Diät und Nahrungsergänzungsmittel
Die American Lung Association (ALA) empfiehlt eine Ernährung mit viel Obst und Gemüse und wenig rotem und verarbeitetem Fleisch sowie verarbeitetem Zucker. 23 Es gibt keinen direkten Zusammenhang zwischen Zucker und Lungenkrebs oder Nahrungsmitteln und Lungenkrebs. Wurstwaren wie Wurst und frittierte Zubereitungsarten können jedoch mit einem erhöhten Lungenkrebsrisiko verbunden sein. 24
Die ALA warnt Raucher außerdem davor, Beta-Carotin-Ergänzungsmittel einzunehmen. Beta-Carotin ist ein Carotinoid, ein Antioxidans, das in gelben, orangefarbenen und roten Pflanzen und ihren Früchten vorkommt. Einige Studien deuten darauf hin, dass Carotinoide das Lungenkrebsrisiko senken, die Ergebnisse sind jedoch gemischt. Andere Studien haben herausgefunden, dass hochdosierte Vitamin-A-Ergänzungen schädlich sein können. 25
Alkohol
Einige Studien haben herausgefunden, dass Alkoholkonsum mit Lungenkrebs in Zusammenhang steht, es sind jedoch weitere Untersuchungen erforderlich.

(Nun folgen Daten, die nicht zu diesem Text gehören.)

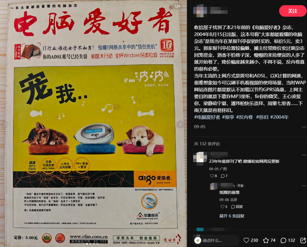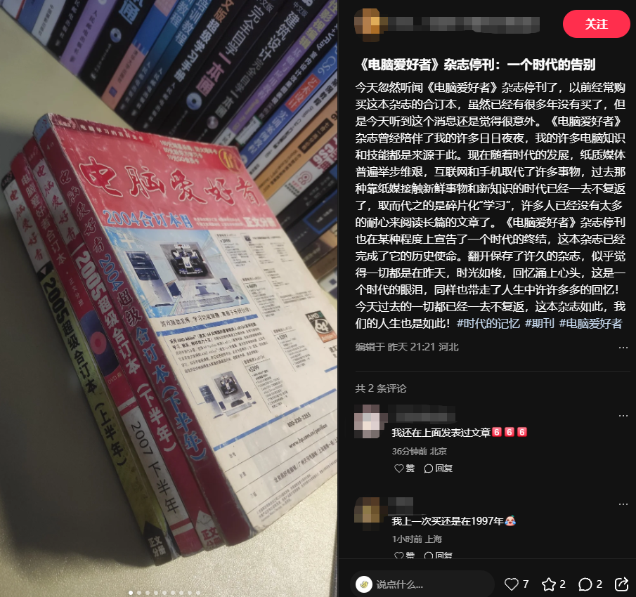 消息传出后,不少网友在社交平台留言感慨:“《电脑爱好者》我订过,昔时的光盘给我打开了新世界。”“真的是童年的回想,以前经常跑报刊亭买。”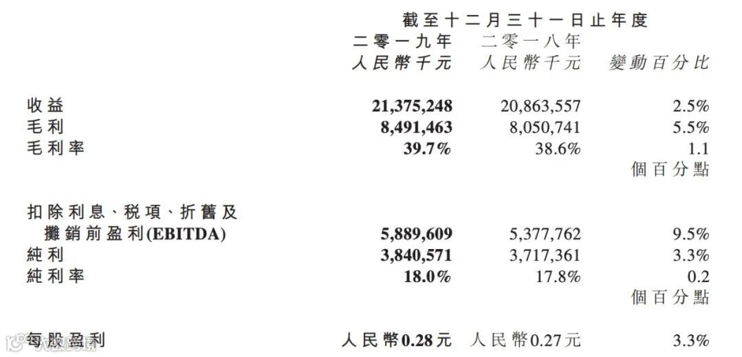 2019年全年,达利集团共实现收入213.8亿元人民币,较2018年(208.6亿元)增长了2.5%。其中净利润38.4亿元,较去年稳步增长。集团整体毛利率为39.7%,比去年同期提升1.1个百分点。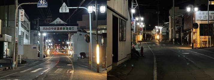 夜の温泉街の様子、シャッターが閉まるお店が目立つ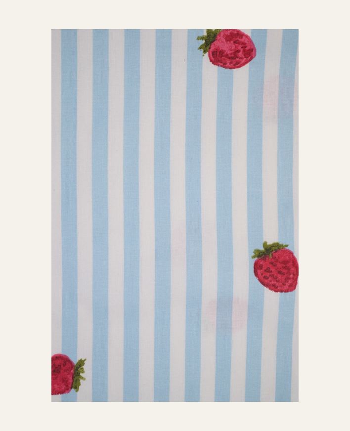 Pintakäsitelty puuvillapöytäliina, jossa on sinivalkoisia raitoja ja mansikkakuvio. Vettähylkivä. Helppo puhdistaa kostealla liinalla, mutta kestää myös konepesun.
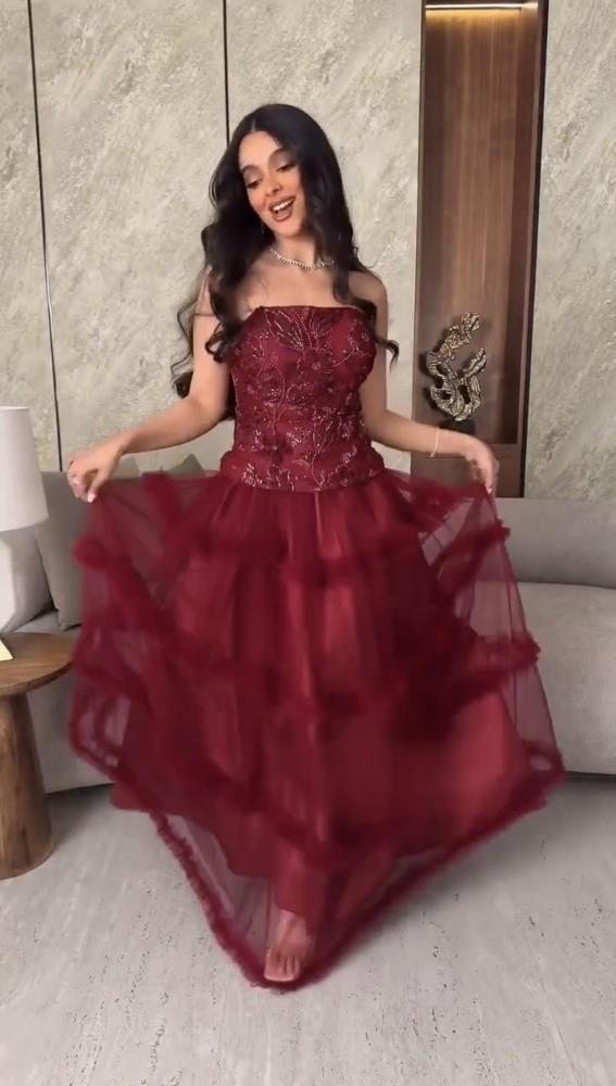 فستان سهره الخامه : تفته بكلفه ورد مع تل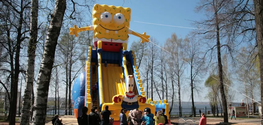 Первое, что встретило горожан на входе, - огромный, высотой 15 метров, батут в виде героя мультфильма «Губка Боб». Он установлен на месте старой сцены, неподалеку от ротонды - не заметить его невозможно.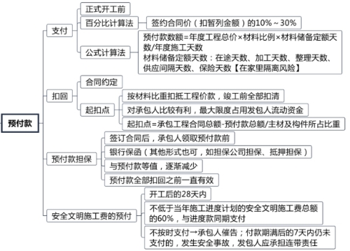 1.工程預付款是由發(fā)包人按照合同約定,在正式開工前由發(fā)包人預先支付給承包人,用于購買工程施工所需的材料和組織施工機械和人員進場的價款。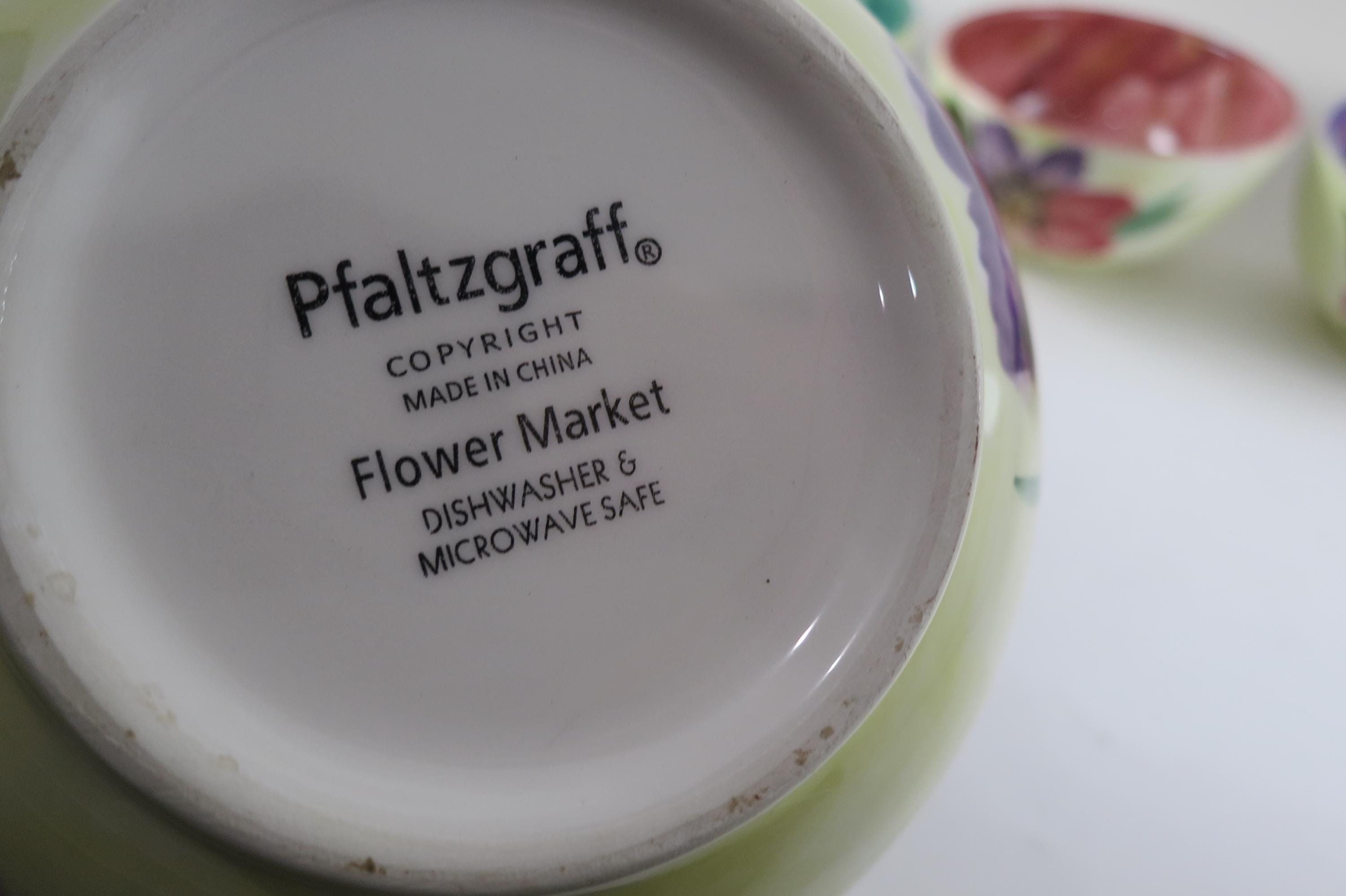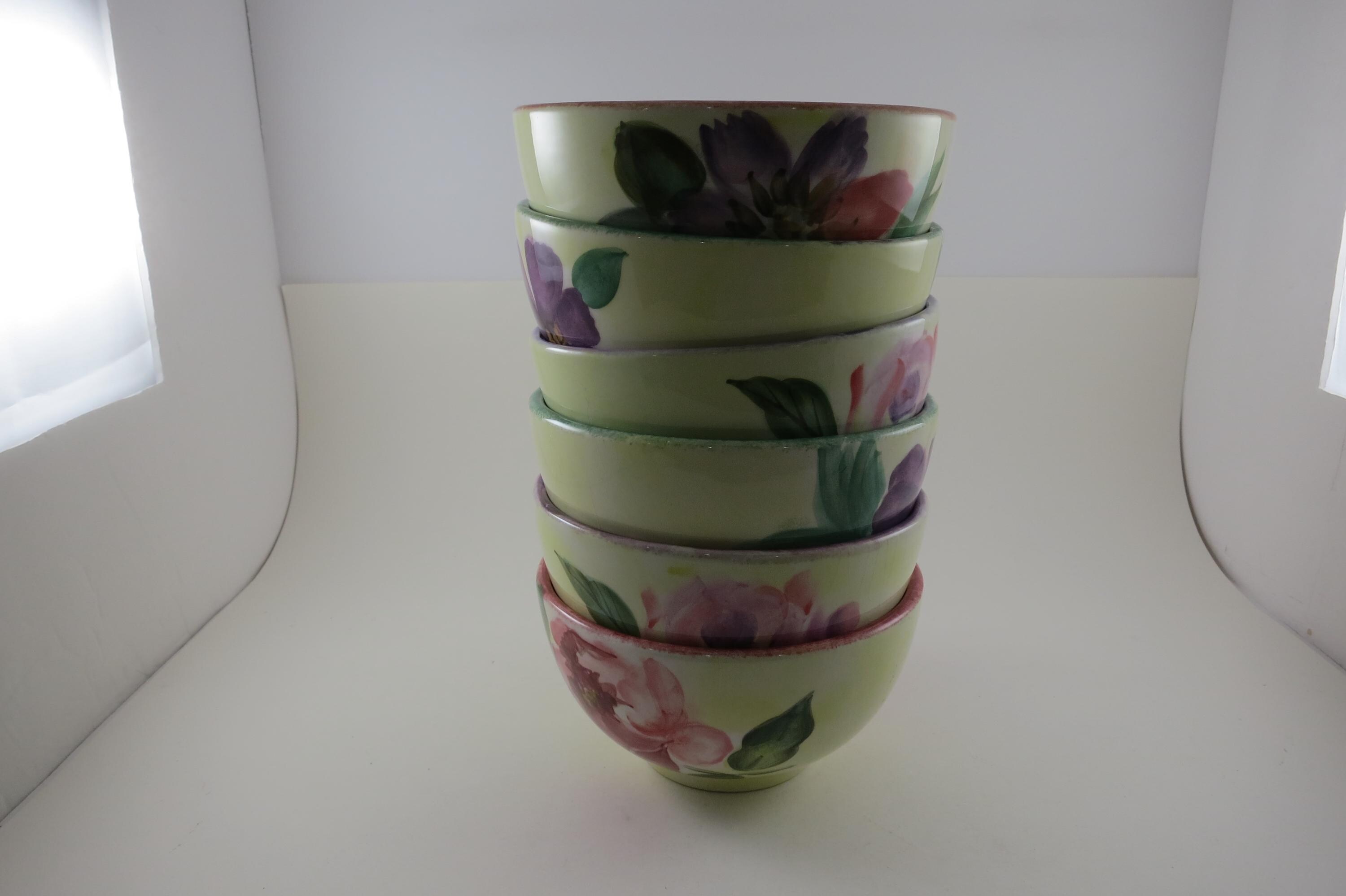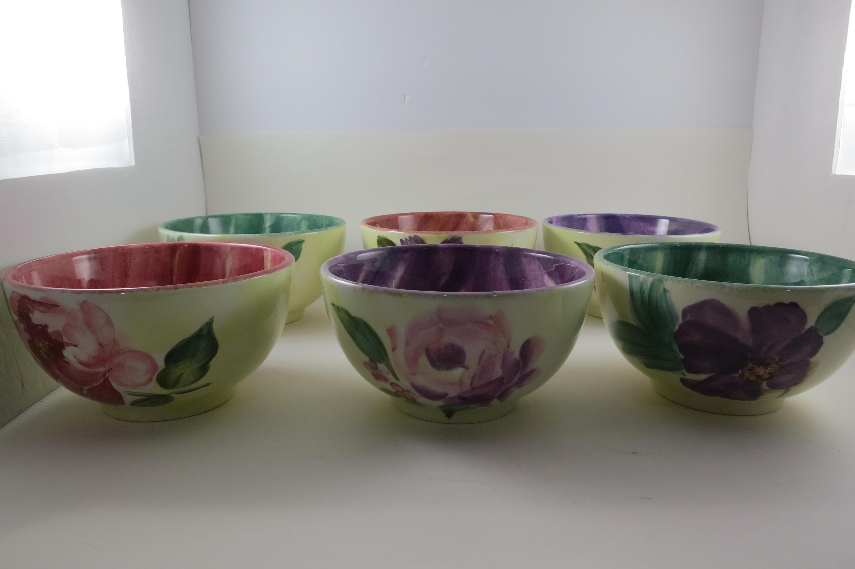 Set of Six Pfaltzgraff Flower Market 6 Inch Soup Bowls 2 Red 2 Green 2 Purple Excellent Used Condition. All six are in excellent condition with no chips, cracks or damages. They measure 6 inches in diameter and 3 1/4 inches tall.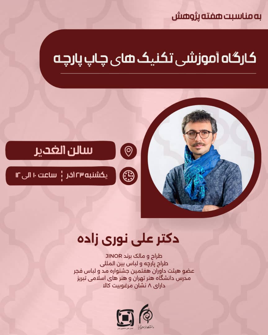 به گزارش معاونت پژوهش، کارآفرینی و فناوری دانشگاه هنر اسلامی تبریز، کارگاه آموزشی «تکنیکهای چاپ پارچه» به مناسبت هفته پژوهش و فناوری و با هدف آشنایی دانشجویان و علاقهمندان با فرآیندها و روشهای کاربردی چاپ پارچه برگزار میشود. در این کارگاه، مباحث مرتبط با روشهای نوین چاپ، فرآیندهای اجرایی و نکات تخصصی حوزه طراحی و چاپ پارچه تشریح خواهد شد تا شرکتکنندگان با رویکردی عملی و کاربردی با این حوزه آشنا شوند.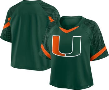 Fanatics merges fashionable comfort and Miami Hurricanes fandom with this Oversized Raglan V-Neck Fashion Jersey. The oversized silhouette and stretch jersey fabric create a roomy fit that moves with you, while mesh raglan sleeves provide optimum breathability. Contrast-color trim accentuates the Miami Hurricanes logo printed on the front and your team spirit.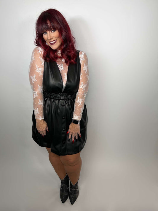 FAUX LEATHER FRONT ZIPPER MINI DRESS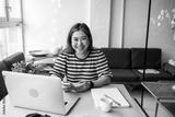Young woman sitting at desk working on laptop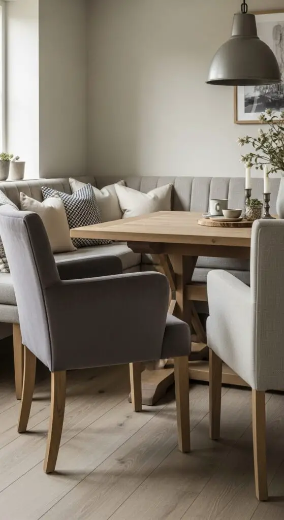 Instead, invest in plush upholstered chairs with supportive backs and armrests that cradle your guests. Consider adding cozy bench seating along one wall, complete with throw pillows for extra comfort. Mix textures like velvet, linen, or leather to create visual interest while maintaining that inviting feel that encourages people to relax and truly enjoy their dining experience.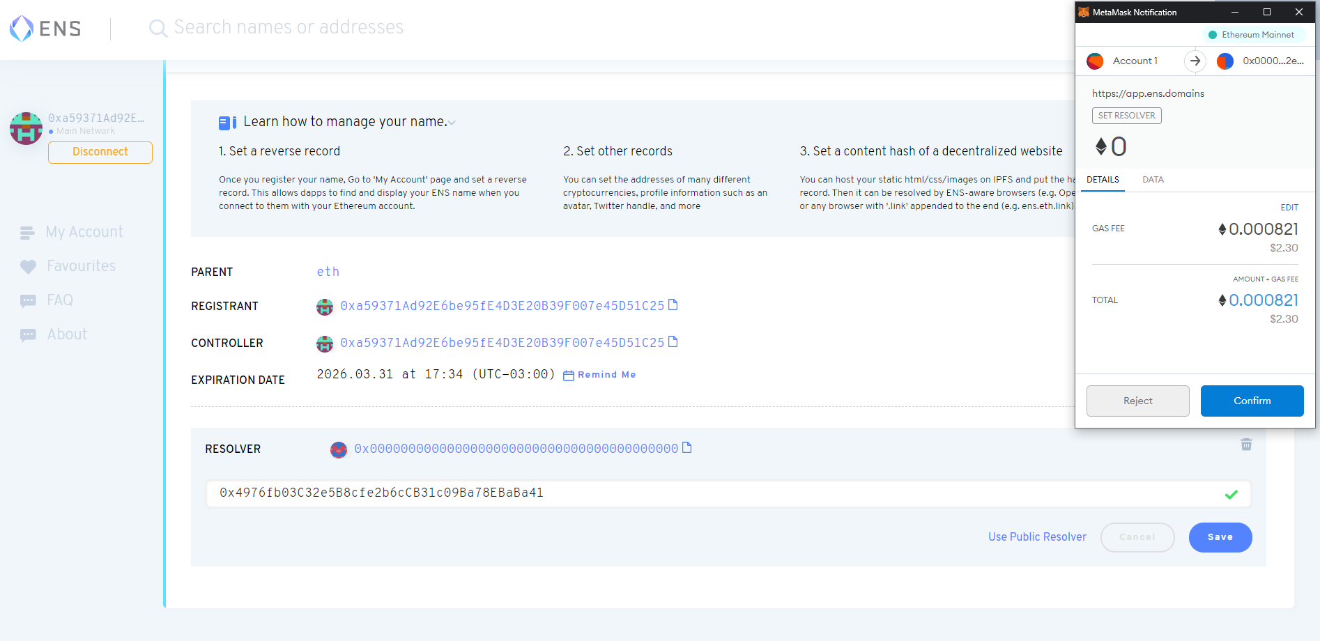 Hit SAVE and you will prompt a transaction on the ENS application that you will need to confirm with any compatible wallet, like MetaMask, paying the associated gas fee for the transaction that sets the record.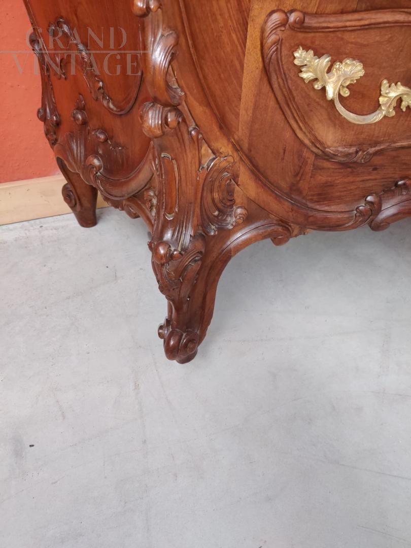 Baroque Louis XV chest of drawers in walnut wood with mirror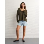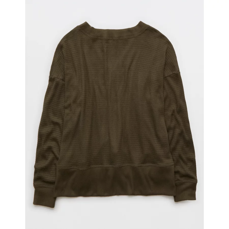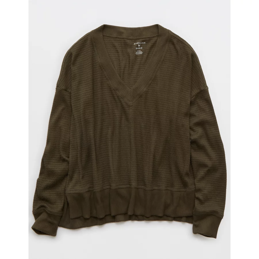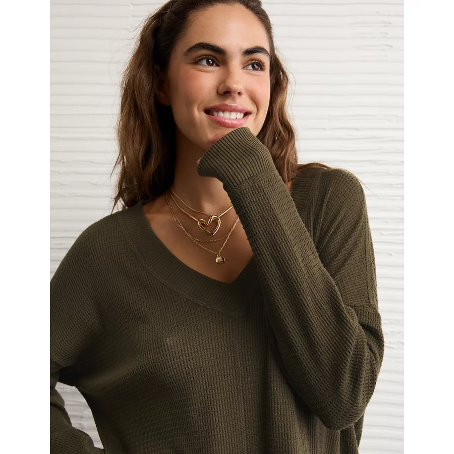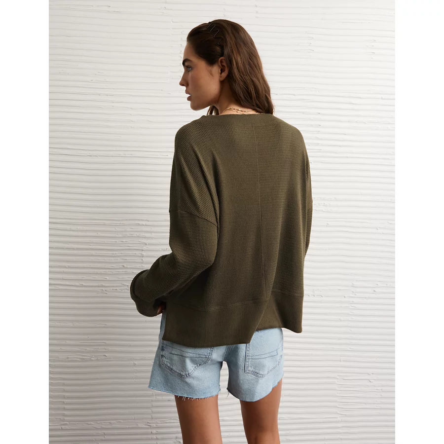 AE Long Sleeve Plush V-Neck Top - Skylight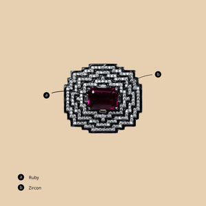 circles of ruby and zircon evoke a vintage evening skyline, powerful and poetic.
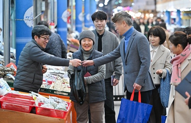 [위키트리 광주전남취재본부 노해섭 기자]김이강 광주시 서구청장이 12일 민족 대명절 설을 앞두고 양동전통시장에서 전통시장 활성화 및 상권 회복을 위해 온누리상품권으로 제수용품 등을 구입하고 있다. 광주 서구 제공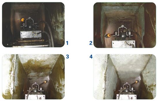煙道內(nèi)情況復(fù)雜,有些死角人力范圍無法達(dá)到,根本無法清洗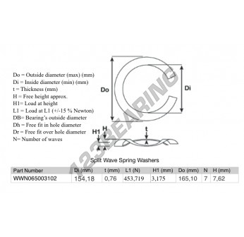 The Split Wave Spring Washer with the reference SWSW-165.10-154.18-0.76-7 has an inner diameter of 154.18 mm and a thickness of 0.76 mm. It is made of STEEL.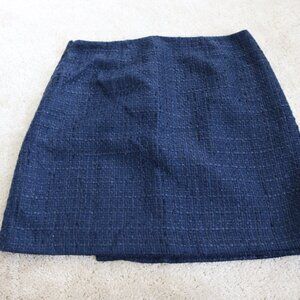 LOFT Blue Tweed Skirt with Gold Buttons

Eine frühere Analyse von 3.137 Lungenkrebsfällen ergab, dass Menschen, die täglich mindestens 30 Gramm reinen Alkohol konsumierten, ein etwas höheres Lungenkrebsrisiko hatten. 26
Zusammenfassung
Rauchen und Radonexposition sind die Hauptursachen für Lungenkrebs in den Vereinigten Staaten, aber sie sind nicht die einzigen. Ihre genetische Ausstattung, Ihre anderen Erkrankungen und Behandlungen, Ihr Job, Faktoren Ihres Lebensstils oder sogar die Luftverschmutzung in Ihrer Gemeinde können zu Ihrem Lungenkrebsrisiko beitragen.
Ein Wort von Verywell
Für die Entscheidungsfindung im Lebensstil ist es wichtig, die Ursachen und Risikofaktoren von Lungenkrebs zu kennen. Das Rauchen zu vermeiden oder mit dem Rauchen aufzuhören steht vielleicht ganz oben auf der Liste, aber Rauchen ist nicht die einzige mögliche Ursache für Lungenkrebs.
Manche Menschen kennen die Ursache ihres Lungenkrebses nie wirklich. Es ist jedoch möglich, die klaren Risiken zu reduzieren.
Wenn Sie Bedenken hinsichtlich Ihrer Lungengesundheit haben, ist es wichtig, dass Sie dies umgehend Ihrem Arzt mitteilen. Etwa 40 % der Menschen erhalten die Diagnose, wenn Lungenkrebs bereits das Stadium 4 erreicht hat. In diesem Stadium ist eine heilende Operation nicht möglich und die Fünf-Jahres-Überlebensrate beträgt nur 4 %. 27 Im Gegensatz dazu sind die Überlebensraten viel höher, wenn der Krebs in früheren Stadien diagnostiziert wird.
Fragen Sie unbedingt Ihren Arzt, ob eine Lungenkrebs-Vorsorgeuntersuchung für Sie geeignet ist.